After wishing for years for Fuji to show some love for the long-suffering Instax Wide format, a finger curled on the monkey’s paw this month and we got the Instax Wide Evo.
Like the Instax Mini Evo, Fuji touts this camera as a ‘digital/analogue’ ‘hybrid’ camera. You can take digital pictures, apply effects, and the photo pops out of the top of the camera! You can even send photos from your phone to the camera! What’s not to like??
Well, for me? Everything. Because it’s not a film camera. It’s a (kind of crappy) digital camera attached to a printer.
Don’t get me wrong, photographers make incredible art all the time with instant film printers. Heck, you can put a digital image on 35mm if you really want to (actually that’s how Hollywood stores movies in vaults deep underground).
However, I shoot and review cameras. I don’t review printers. And no matter how much marketing fluff there is, the Instax Wide Evo is not an analogue film camera. In my opinion, these kind of machines combine the worst of all words.
If you want to print digital photos onto instant film, you’re better off with a dedicated device like the Polaroid Lab Instant Printer. Your phone is a much better device for dealing with digital imagery than any clunky interface a manufacturer can install in a low-cost digital body.

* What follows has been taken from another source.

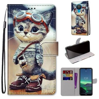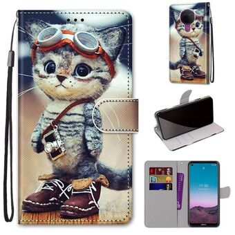 For Nokia 5.4 Coloured Drawing Cross Texture Horizontal Flip PU Leather Case with Holder & Card Slots & Wallet & Lanyard(Leather Shoes Cat)

Which brings me to the digital camera portion of the Instax Wide Evo. You’re getting a tiny sensor with a cheap lens and even cheaper SOC. It’s good enough to get a small print out of, but if you think you’re pulling great digital images out of this thing you’re going to be sorely disappointed.
People buy these cameras because it seems like a good way to hedge their bets. Film seems risky, and you can’t get a digital preview on an analogue camera, right? Well, that’s the whole point. Film is fun because of the limitations of an analogue camera. In a world full of screens, analogue photography is a way to unplug, sharpen your eye, and have fun.
At the end of the day, digital camera printers masquerading as instant film photography just aren’t fun because they strip away the spontaneous chaos of real film. And when somebody’s introduction to film is through one of these things, they may come to the conclusion that film isn’t fun.